_RECORDS FOR THIS EXERCISE:_
▼

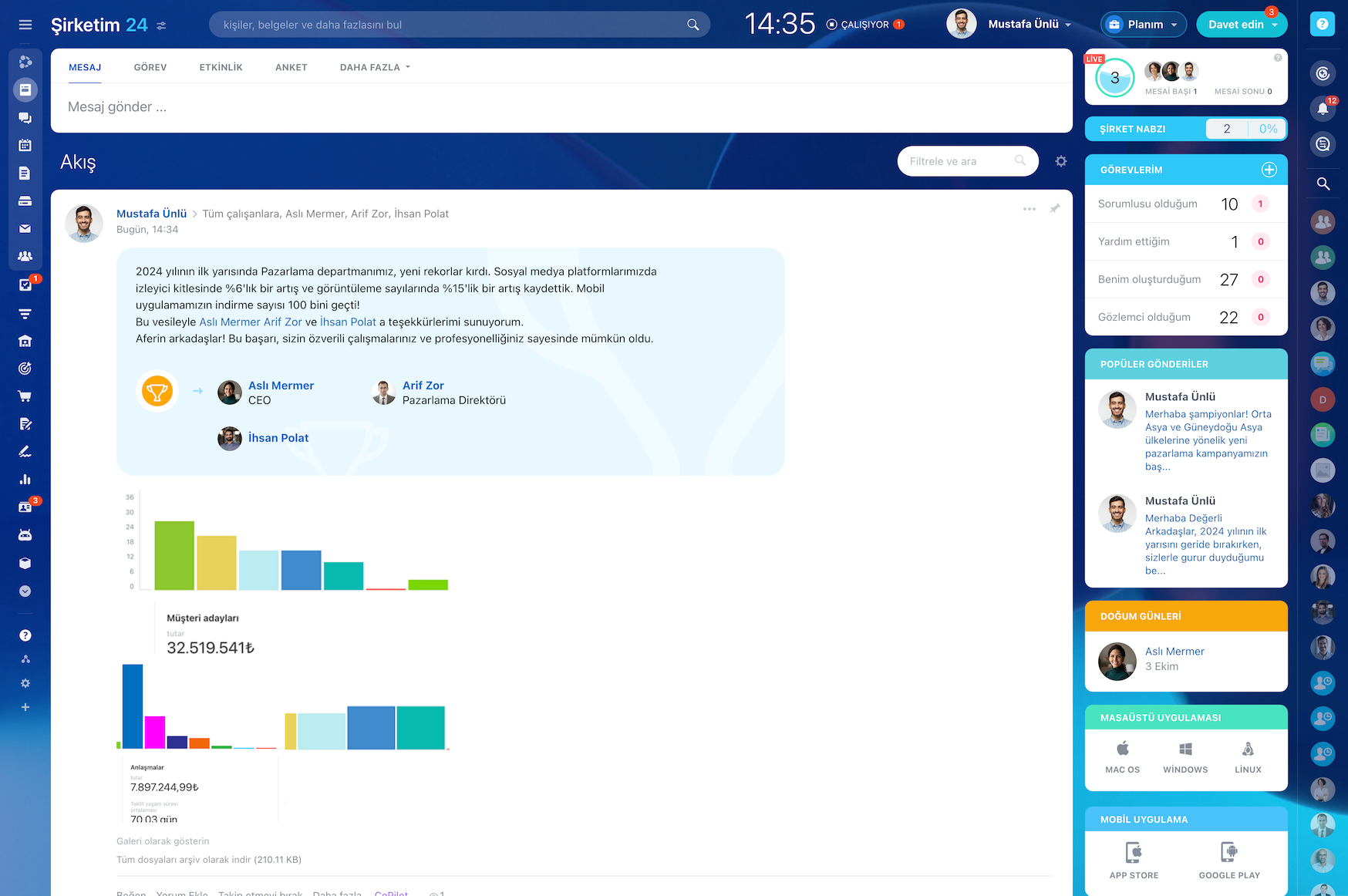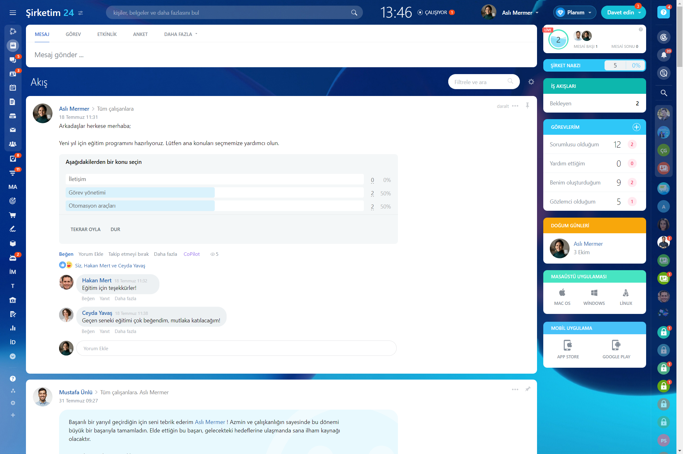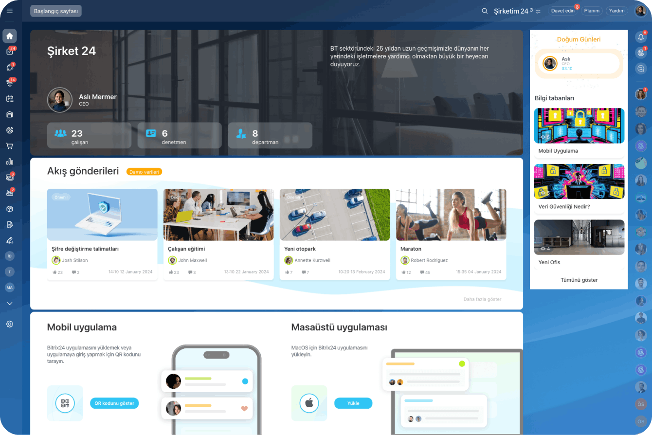 Bitrix24, ekibiniz içinde sosyal etkileşimleri teşvik etmenize ve şirket kültürünü işleriyle bağlantılı olarak doğal bir şekilde geliştirmenize yardımcı olur.
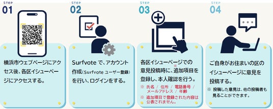 横浜市各区における地域のニーズや課題等を把握し、横浜市における施策の参考にするため、デジタルプラットフォーム「Surfvote(サーフボート)」を活用し、全市民を対象とした意見募集を実施します。
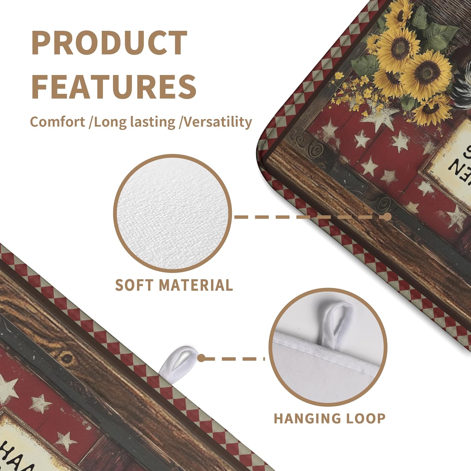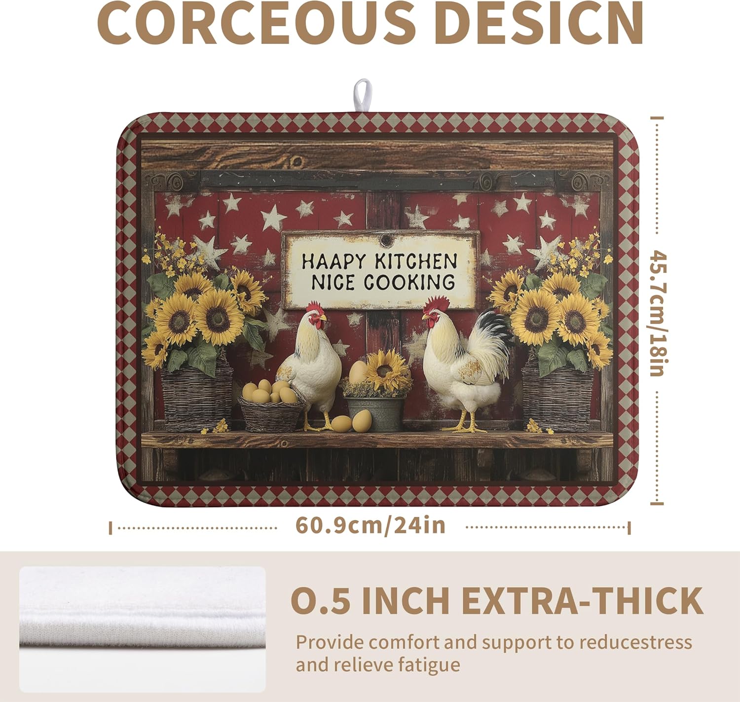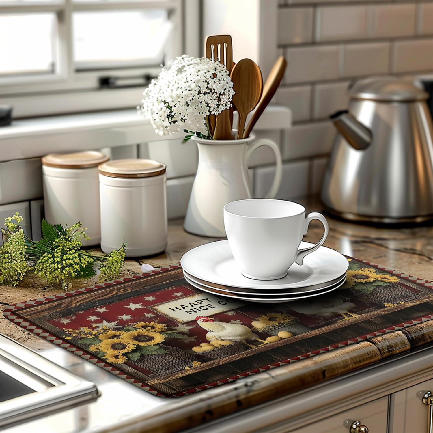 - [Space Saving]: This Summer Sunflower Farmhouse dish drying mat lightweight absorbent dish drying mat has a webbing lanyard in the middle of the horizontal side for hanging, and Vintage Rooster Farmhouse fall dish drying matt kitchen counter can also be folded and thrown into a drawer or stuffed elsewhere.
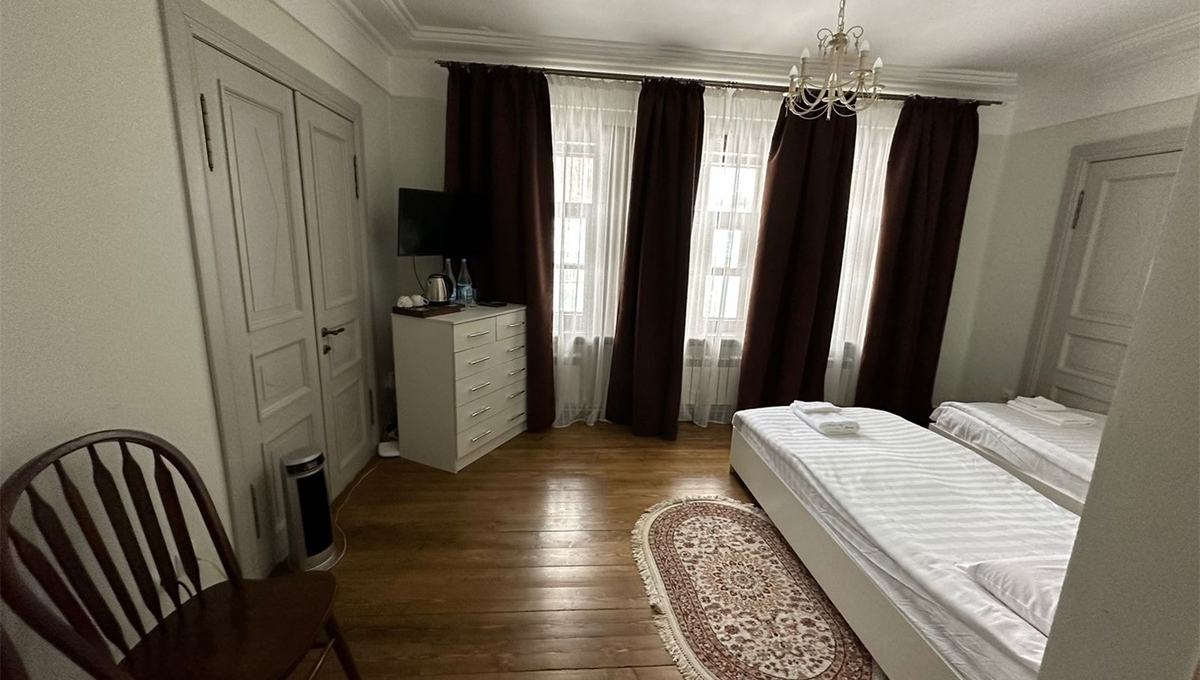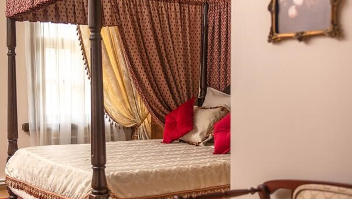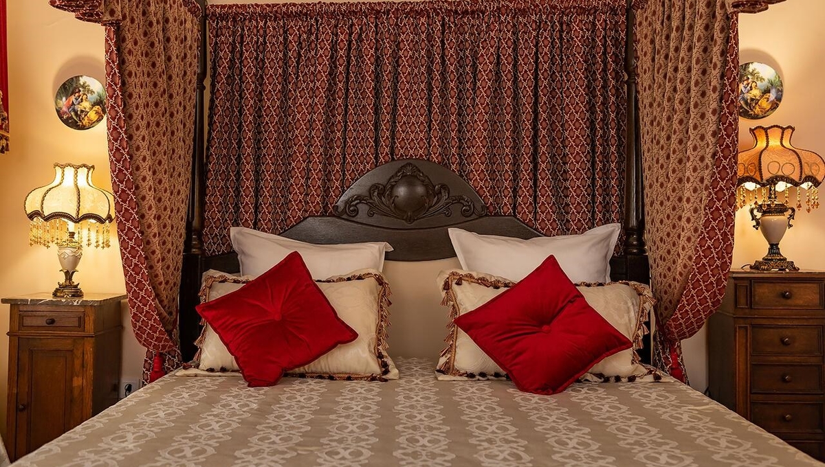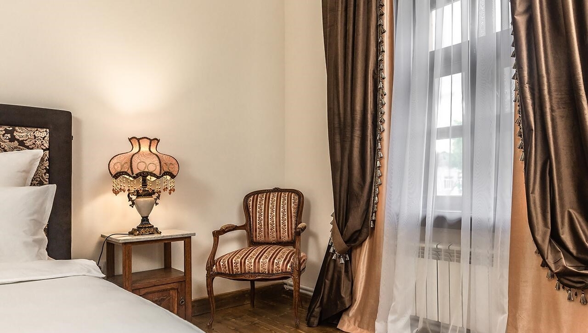 Номера обставлены антикварной мебелью и оформлены в старинном стиле. Гости смогут почувствовать атмосферу того времени. Приятным дополнением станет игристый напиток
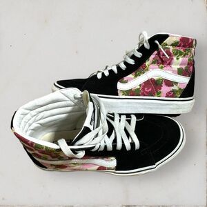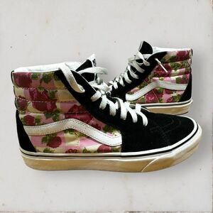 Vans SK8 Hi-Tops Shoes Y2K Womens Suede Black Floral 8.5 Rose Skater Retro
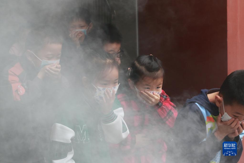 11月9日,在江蘇省無錫市揚名中心小學,學生在消防應急疏散演練中撤離教學樓。
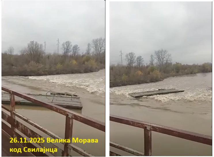 - Део понтонског моста је однела набујала Велика Морава (26.11.2025)
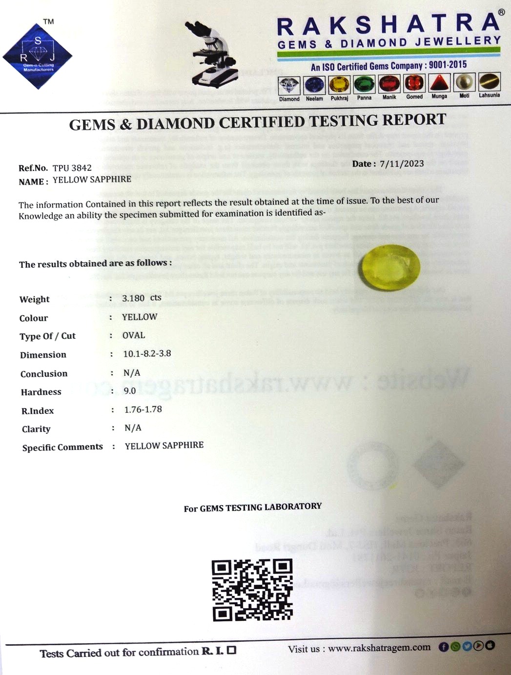 | SPECIFIC COMMENTS: | YELLOW SAPPHIRE |
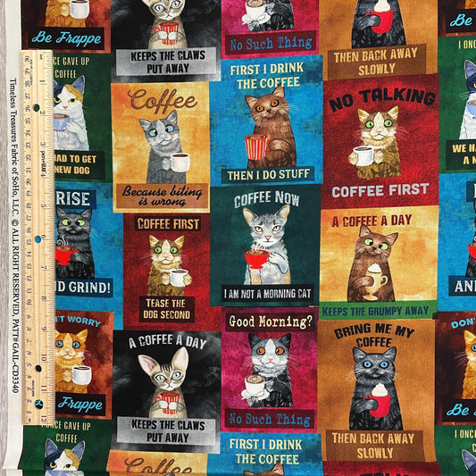 Coffee Cats Fabric - Timeless Treasures - 100% Cotton - Caffeine Cats - Cat Sayings
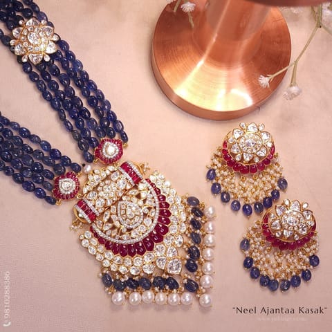 Ruby Zaffar Moissanite Polki Long Necklace Set
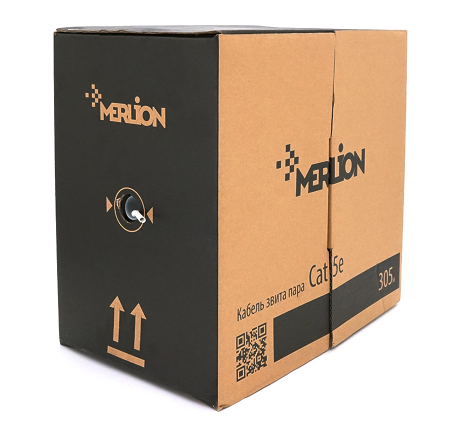 - Кабель витая пара Merlion (11354) КВПЭ FTP 24 AWG, CCA, 4х2х0.51 мм, 305м, Corton Box

▲

_WORK TO COMPLETE:_ Your answer should consist solely of the lines from the line with "Coffee Cats Fabric" to the final line of the listing, set down word for word, pictures omitted.

_ANSWER TO THIS PROBLEM:_
 Coffee Cats Fabric - Timeless Treasures - 100% Cotton - Caffeine Cats - Cat Sayings
 Ruby Zaffar Moissanite Polki Long Necklace Set
 - Кабель витая пара Merlion (11354) КВПЭ FTP 24 AWG, CCA, 4х2х0.51 мм, 305м, Corton Box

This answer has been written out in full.